- Location in Logan County, Arkansas
- Coordinates: 35°22′58″N 93°31′22″W﻿ / ﻿35.38278°N 93.52278°W
- Country: United States
- State: Arkansas
- County: Logan

Area
- • Total: 1.36 sq mi (3.51 km^{2})
- • Land: 1.34 sq mi (3.47 km^{2})
- • Water: 0.015 sq mi (0.04 km^{2})
- Elevation: 381 ft (116 m)

Population (2020)
- • Total: 78
- • Estimate (2025): 83
- • Density: 58.2/sq mi (22.46/km^{2})
- Time zone: UTC-6 (Central (CST))
- • Summer (DST): UTC-5 (CDT)
- FIPS code: 05-47030
- GNIS feature ID: 2406197

= Morrison Bluff, Arkansas =

Morrison Bluff is a town in Logan County, Arkansas, United States. As of the 2020 census, Morrison Bluff had a population of 78.

==Geography==
Morrison Bluff is located in northern Logan County and is bordered to the north by an arm of Lake Dardanelle, an impoundment on the Arkansas River. State Highway 109 passes through the town, leading south 2 mi to Scranton and north across the Arkansas River 5 mi to U.S. Route 64 at a point 4 mi west of Clarksville.
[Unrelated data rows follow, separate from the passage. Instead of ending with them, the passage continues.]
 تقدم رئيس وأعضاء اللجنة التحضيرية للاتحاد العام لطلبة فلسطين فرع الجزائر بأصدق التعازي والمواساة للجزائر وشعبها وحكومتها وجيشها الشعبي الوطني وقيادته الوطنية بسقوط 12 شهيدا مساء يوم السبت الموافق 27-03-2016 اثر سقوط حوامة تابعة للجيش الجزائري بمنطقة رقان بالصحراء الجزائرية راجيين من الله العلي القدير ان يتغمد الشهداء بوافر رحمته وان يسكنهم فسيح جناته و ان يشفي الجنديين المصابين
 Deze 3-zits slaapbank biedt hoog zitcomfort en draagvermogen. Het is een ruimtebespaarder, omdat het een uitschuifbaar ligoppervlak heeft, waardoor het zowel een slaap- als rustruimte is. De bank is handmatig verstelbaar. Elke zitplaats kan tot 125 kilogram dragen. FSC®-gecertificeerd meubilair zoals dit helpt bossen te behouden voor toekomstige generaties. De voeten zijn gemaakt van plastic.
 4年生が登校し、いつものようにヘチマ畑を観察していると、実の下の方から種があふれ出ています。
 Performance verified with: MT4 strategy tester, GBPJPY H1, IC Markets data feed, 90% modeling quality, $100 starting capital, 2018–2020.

According to the United States Census Bureau, the town of Morrison Bluff has a total area of 3.4 sqkm, of which 0.04 sqkm, or 1.18%, are water.

==Demographics==

As of the census of 2000, there were 74 people, 29 households, and 18 families residing in the town. The population density was 26.0 /km2. There were 32 housing units at an average density of 11.2 /km2. The racial makeup of the town was 94.59% White, 4.05% Black or African American, and 1.35% from two or more races.

There were 29 households, out of which 27.6% had children under the age of 18 living with them, 51.7% were married couples living together, 6.9% had a female householder with no husband present, and 34.5% were non-families. 31.0% of all households were made up of individuals, and 13.8% had someone living alone who was 65 years of age or older. The average household size was 2.55 and the average family size was 3.11.
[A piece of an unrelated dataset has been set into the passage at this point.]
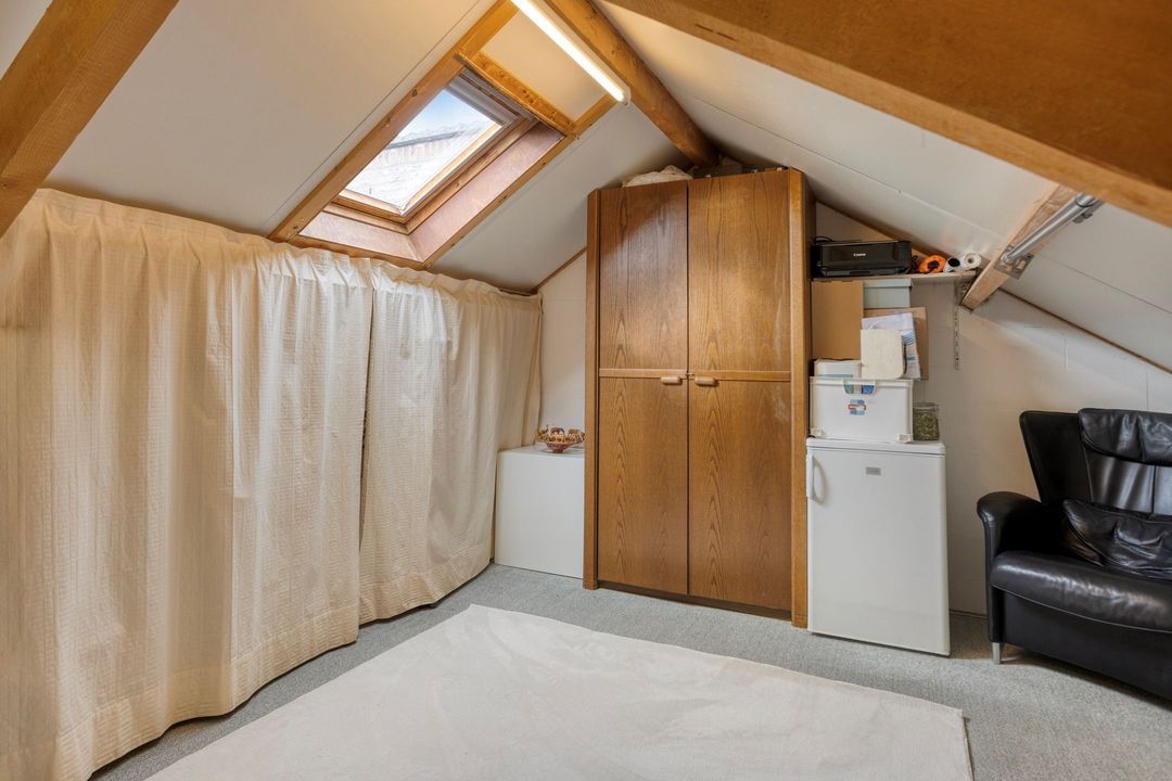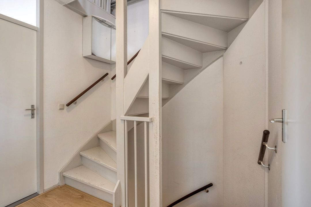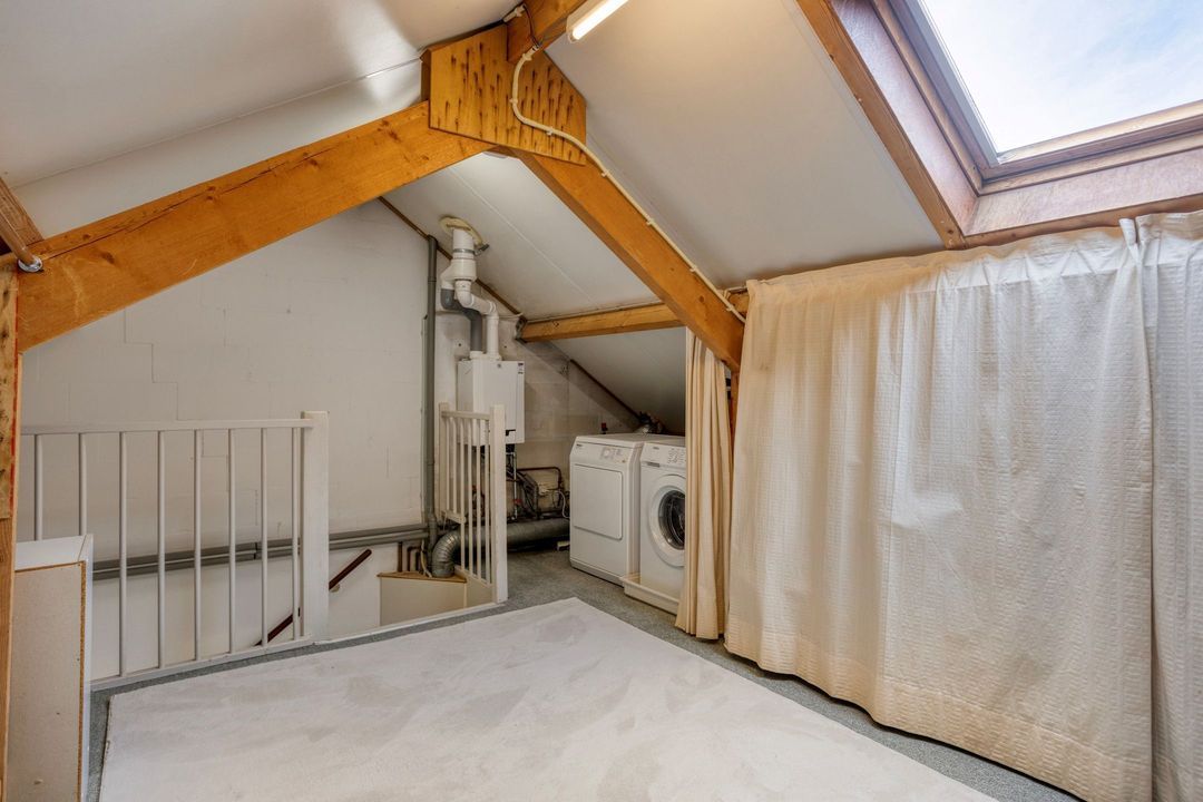 Een vaste trap leidt naar de tweede verdieping, een multifunctionele ruimte met een vloeroppervlakte van circa 36 m². Hier bevinden zich de witgoedaansluiting en de cv-installatie (Remeha, 2020, Eigendom). Met enkele aanpassingen kan deze verdieping eenvoudig worden omgevormd tot een extra slaapkamer of werkruimte, waardoor de woning extra flexibiliteit biedt voor uiteenlopende woonwensen.
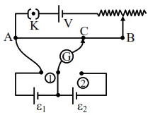 In the given potentiometer circuit arrangement, the balancing length $\mathrm{AC}$ is measured to be $250 \mathrm{~cm}$. When the galvanometer connection is shifted from point (1) to point (2) in the given diagram, the balancing length becomes $400 \mathrm{~cm}$. The ratio of the emf of two cells, $\frac{\varepsilon_{1}}{\varepsilon_{2}}$ is :

In the town, the population was spread out, with 24.3% under the age of 18, 10.8% from 18 to 24, 20.3% from 25 to 44, 28.4% from 45 to 64, and 16.2% who were 65 years of age or older. The median age was 39 years. For every 100 females, there were 100.0 males. For every 100 females age 18 and over, there were 100.0 males.

The median income for a household in the town was $78,750, and the median income for a family was $91,875. Males had a median income of $22,500 versus $16,875 for females. The per capita income for the town was $56,436, which is the highest per capita income in the state. There were no families and 4.7% of the population living below the poverty line, including no under eighteens and 22.2% of those over 64.

Historical population
| Census | Pop. | Note | %± |
| 1970 | 49 |  | — |
| 1980 | 69 |  | 40.8% |
| 1990 | 84 |  | 21.7% |
| 2000 | 74 |  | −11.9% |
| 2010 | 64 |  | −13.5% |
| 2020 | 78 |  | 21.9% |
| 2025 (est.) | 83 | Increase | 6.4% |
U.S. Decennial Census

==Education==
It is in the Scranton School District. The district's comprehensive high school is Scranton High School.